A former fraternity president in Texas who allegedly raped a woman at a party will not serve any jail time.
Jacob Walter Anderson pleaded no contest to a lesser charge of unlawful restraint after agreeing to a plea deal, according to Time. Pleading no contest means there is no admission of guilt, but the accused will not defend himself against the charges.
Judge Ralph Strother sentenced him to deferred probation, and Anderson will not be required to register as a sex offender. He agreed to pay a $400 fine and seek counseling.
Anderson’s unidentified victim accused him of pressuring her to drink at a Baylor University frat party until she was heavily intoxicated. The woman said Anderson, who was president of Phi Delta Theta at the time, took her behind a tent and raped her while he choked and gagged her. Chron reports the ruling disheartened the victim.

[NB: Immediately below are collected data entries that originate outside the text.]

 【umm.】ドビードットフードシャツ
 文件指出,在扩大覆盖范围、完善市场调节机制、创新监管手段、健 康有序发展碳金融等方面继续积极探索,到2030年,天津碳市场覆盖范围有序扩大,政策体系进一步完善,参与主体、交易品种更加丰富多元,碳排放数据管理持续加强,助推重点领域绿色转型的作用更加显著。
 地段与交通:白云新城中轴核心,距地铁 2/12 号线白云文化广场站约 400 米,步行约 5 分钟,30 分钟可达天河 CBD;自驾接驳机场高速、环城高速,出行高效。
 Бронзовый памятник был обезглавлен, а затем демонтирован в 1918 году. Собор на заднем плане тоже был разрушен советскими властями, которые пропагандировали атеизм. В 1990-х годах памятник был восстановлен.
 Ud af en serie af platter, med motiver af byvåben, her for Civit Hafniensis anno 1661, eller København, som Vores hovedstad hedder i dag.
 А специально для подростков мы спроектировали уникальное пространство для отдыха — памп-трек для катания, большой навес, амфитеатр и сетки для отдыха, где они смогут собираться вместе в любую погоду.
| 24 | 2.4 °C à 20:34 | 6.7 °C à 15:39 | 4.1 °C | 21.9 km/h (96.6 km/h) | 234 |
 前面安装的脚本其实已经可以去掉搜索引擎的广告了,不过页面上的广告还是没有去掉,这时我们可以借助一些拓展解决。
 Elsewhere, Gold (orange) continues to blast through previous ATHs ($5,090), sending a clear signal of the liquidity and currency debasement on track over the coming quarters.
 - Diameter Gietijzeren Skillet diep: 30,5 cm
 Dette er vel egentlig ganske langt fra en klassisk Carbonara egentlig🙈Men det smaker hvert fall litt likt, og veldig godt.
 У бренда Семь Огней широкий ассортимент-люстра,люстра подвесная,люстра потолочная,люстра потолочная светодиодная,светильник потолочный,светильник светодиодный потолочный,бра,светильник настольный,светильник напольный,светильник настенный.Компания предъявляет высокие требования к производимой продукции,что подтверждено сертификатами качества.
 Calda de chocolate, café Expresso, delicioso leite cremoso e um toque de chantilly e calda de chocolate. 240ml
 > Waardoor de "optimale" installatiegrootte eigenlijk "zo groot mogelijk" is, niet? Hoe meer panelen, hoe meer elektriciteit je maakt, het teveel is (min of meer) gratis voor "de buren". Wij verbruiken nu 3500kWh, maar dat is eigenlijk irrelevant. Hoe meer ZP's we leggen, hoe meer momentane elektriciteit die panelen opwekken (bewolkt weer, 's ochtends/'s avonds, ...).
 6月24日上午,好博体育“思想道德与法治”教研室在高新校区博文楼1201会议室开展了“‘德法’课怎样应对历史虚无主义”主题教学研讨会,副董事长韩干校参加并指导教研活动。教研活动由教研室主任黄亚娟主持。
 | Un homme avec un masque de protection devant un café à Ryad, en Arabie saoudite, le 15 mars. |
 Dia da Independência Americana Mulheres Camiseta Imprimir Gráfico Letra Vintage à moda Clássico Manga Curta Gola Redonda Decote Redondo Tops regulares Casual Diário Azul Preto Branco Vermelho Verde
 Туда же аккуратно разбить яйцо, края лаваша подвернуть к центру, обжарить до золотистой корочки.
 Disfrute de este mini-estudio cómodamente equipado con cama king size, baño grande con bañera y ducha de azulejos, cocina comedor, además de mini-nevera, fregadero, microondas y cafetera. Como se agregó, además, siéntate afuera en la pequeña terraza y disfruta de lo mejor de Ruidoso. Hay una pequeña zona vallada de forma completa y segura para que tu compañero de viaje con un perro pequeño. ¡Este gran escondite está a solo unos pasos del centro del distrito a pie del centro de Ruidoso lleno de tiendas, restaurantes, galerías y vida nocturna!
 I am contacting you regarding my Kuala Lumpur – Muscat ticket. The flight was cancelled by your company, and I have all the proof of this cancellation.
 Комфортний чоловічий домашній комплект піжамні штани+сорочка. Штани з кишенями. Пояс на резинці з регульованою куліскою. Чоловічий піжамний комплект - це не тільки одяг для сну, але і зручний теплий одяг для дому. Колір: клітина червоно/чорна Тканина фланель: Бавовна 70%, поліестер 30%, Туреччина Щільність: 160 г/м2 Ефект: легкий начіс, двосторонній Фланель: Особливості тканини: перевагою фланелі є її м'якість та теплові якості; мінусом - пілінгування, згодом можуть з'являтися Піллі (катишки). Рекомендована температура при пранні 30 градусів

The case marks the third time Strother has given a lenient sentence to a man accused of sexual assault. In October 2017, the judge sentenced Dontrell Lee Hullett to deferred probation and a fine after he pleaded guilty to the 2013 rape of an intoxicated Baylor student, according to The Waco Tribune-Herald. In June, Adrian Andres Ramos, also accused of raping a drunk student, received five years felony probation which carries a 30-year jail sentence. Like Hullett, Ramos pleaded guilty.
"I not only have to live with his rape and the repercussions of the rape; I have to live with the knowledge that the McLennan County justice system is severely broken," the woman said in a statement. "I have to live with the fact that after all these years and everything I have suffered; no justice was achieved."